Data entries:
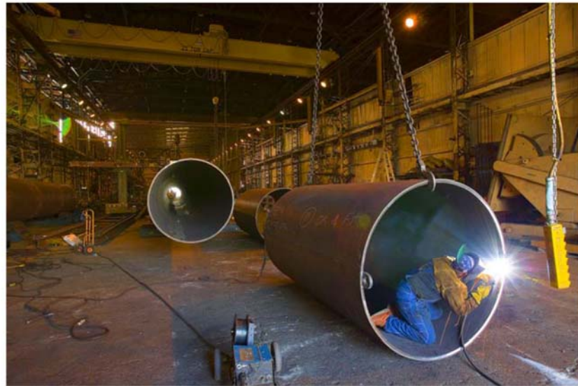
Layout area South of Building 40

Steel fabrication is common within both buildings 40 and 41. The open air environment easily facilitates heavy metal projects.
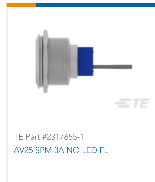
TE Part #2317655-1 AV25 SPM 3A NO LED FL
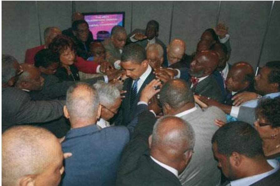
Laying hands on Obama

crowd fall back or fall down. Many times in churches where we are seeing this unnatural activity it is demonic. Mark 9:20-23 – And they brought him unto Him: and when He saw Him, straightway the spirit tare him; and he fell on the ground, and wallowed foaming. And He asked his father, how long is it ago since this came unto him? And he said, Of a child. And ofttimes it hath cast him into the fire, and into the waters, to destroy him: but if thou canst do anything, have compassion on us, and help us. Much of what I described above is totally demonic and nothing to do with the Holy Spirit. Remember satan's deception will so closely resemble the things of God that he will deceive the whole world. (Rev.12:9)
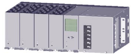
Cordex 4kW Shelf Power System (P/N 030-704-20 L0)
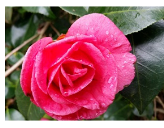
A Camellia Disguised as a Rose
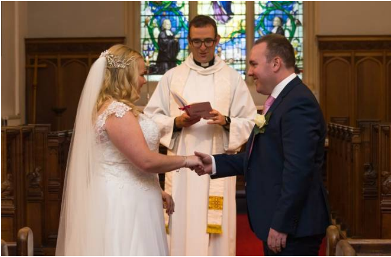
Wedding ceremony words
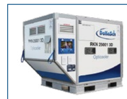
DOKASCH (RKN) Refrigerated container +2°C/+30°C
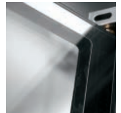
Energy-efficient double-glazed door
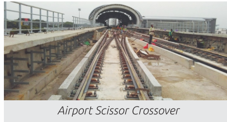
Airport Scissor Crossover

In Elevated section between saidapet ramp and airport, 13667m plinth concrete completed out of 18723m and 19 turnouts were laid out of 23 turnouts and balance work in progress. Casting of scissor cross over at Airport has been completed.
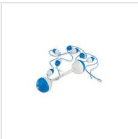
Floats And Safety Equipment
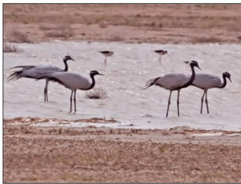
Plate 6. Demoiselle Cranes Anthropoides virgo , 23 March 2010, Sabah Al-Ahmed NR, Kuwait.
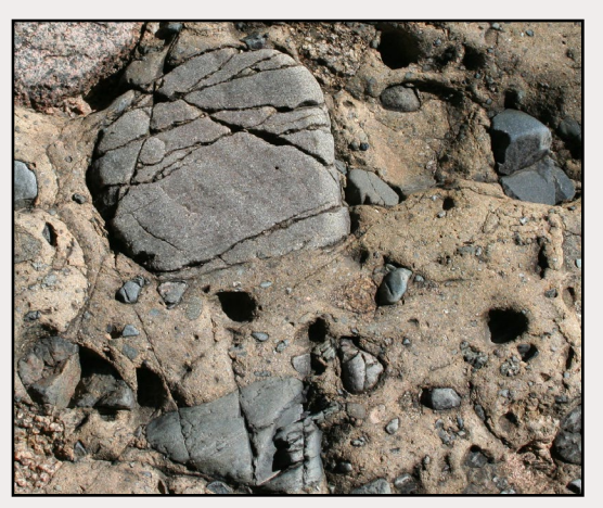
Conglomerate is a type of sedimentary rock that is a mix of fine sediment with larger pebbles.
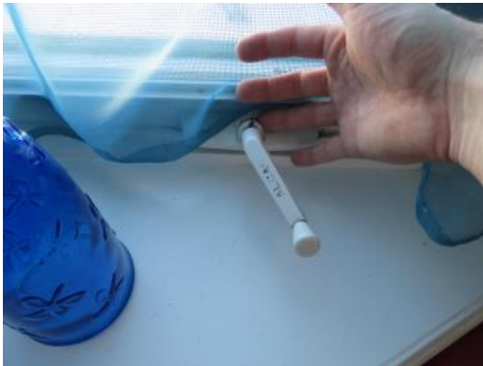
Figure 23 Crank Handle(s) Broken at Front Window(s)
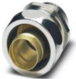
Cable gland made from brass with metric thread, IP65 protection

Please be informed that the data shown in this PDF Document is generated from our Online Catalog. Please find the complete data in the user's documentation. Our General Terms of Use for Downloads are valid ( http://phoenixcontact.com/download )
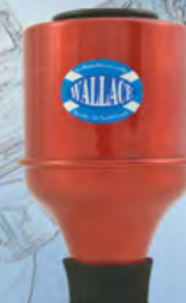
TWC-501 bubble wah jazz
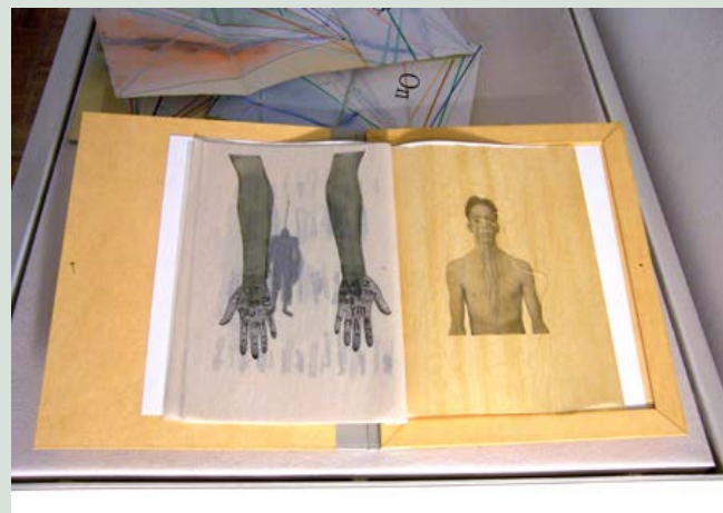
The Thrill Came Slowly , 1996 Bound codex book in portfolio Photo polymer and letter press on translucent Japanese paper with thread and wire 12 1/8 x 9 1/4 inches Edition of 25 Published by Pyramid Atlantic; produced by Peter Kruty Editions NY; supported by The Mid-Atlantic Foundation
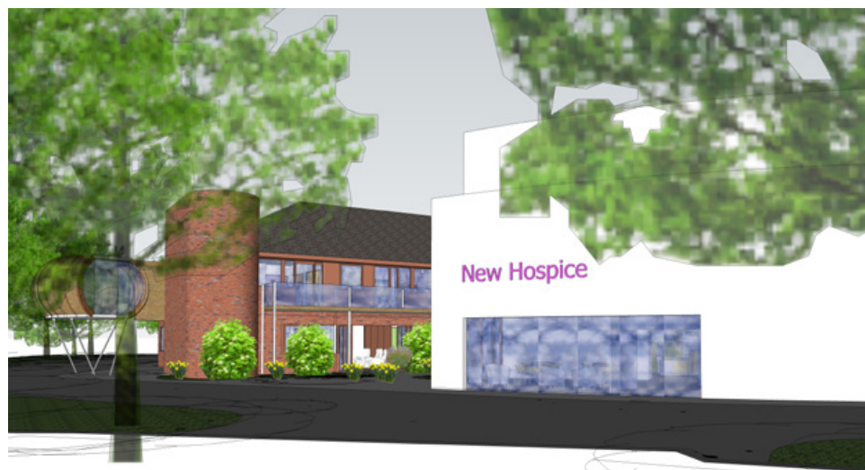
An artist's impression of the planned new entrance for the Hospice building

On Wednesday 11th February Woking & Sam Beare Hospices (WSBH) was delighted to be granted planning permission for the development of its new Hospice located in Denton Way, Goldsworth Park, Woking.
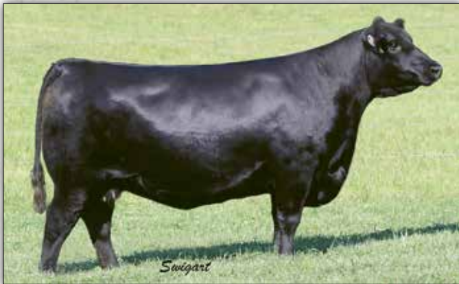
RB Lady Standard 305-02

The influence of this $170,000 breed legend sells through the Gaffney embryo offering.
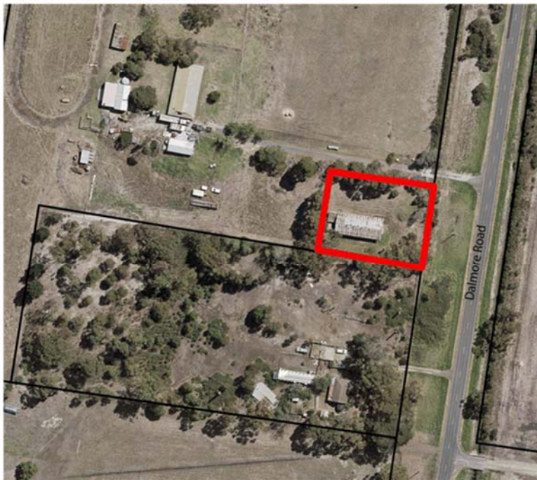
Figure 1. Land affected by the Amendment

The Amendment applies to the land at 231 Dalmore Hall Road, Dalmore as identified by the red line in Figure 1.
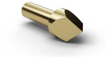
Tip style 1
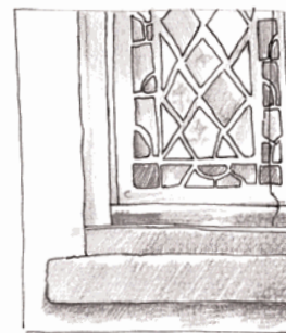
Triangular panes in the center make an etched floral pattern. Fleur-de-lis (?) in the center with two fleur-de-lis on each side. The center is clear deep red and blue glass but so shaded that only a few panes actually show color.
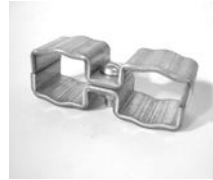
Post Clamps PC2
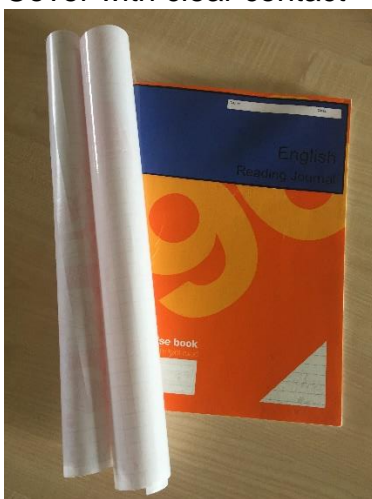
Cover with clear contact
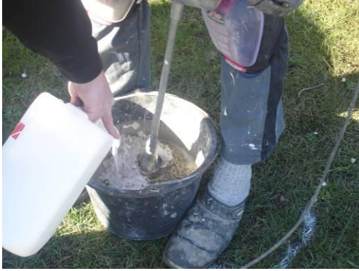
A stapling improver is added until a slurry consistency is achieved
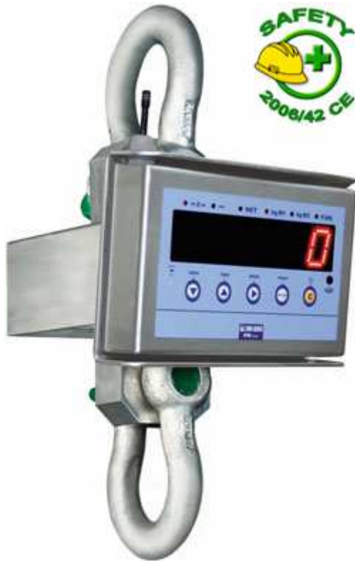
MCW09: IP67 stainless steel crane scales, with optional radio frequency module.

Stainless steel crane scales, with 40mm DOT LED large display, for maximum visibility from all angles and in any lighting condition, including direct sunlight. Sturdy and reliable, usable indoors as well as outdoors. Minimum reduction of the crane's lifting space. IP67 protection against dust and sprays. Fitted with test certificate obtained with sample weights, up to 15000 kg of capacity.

■ How to complete this task
Repeat exactly the lines from the first line of the records above through the line containing "Laying hands on Obama", both included. Leave out the pictures.

■ Result
Layout area South of Building 40

Steel fabrication is common within both buildings 40 and 41. The open air environment easily facilitates heavy metal projects.
TE Part #2317655-1 AV25 SPM 3A NO LED FL
Laying hands on Obama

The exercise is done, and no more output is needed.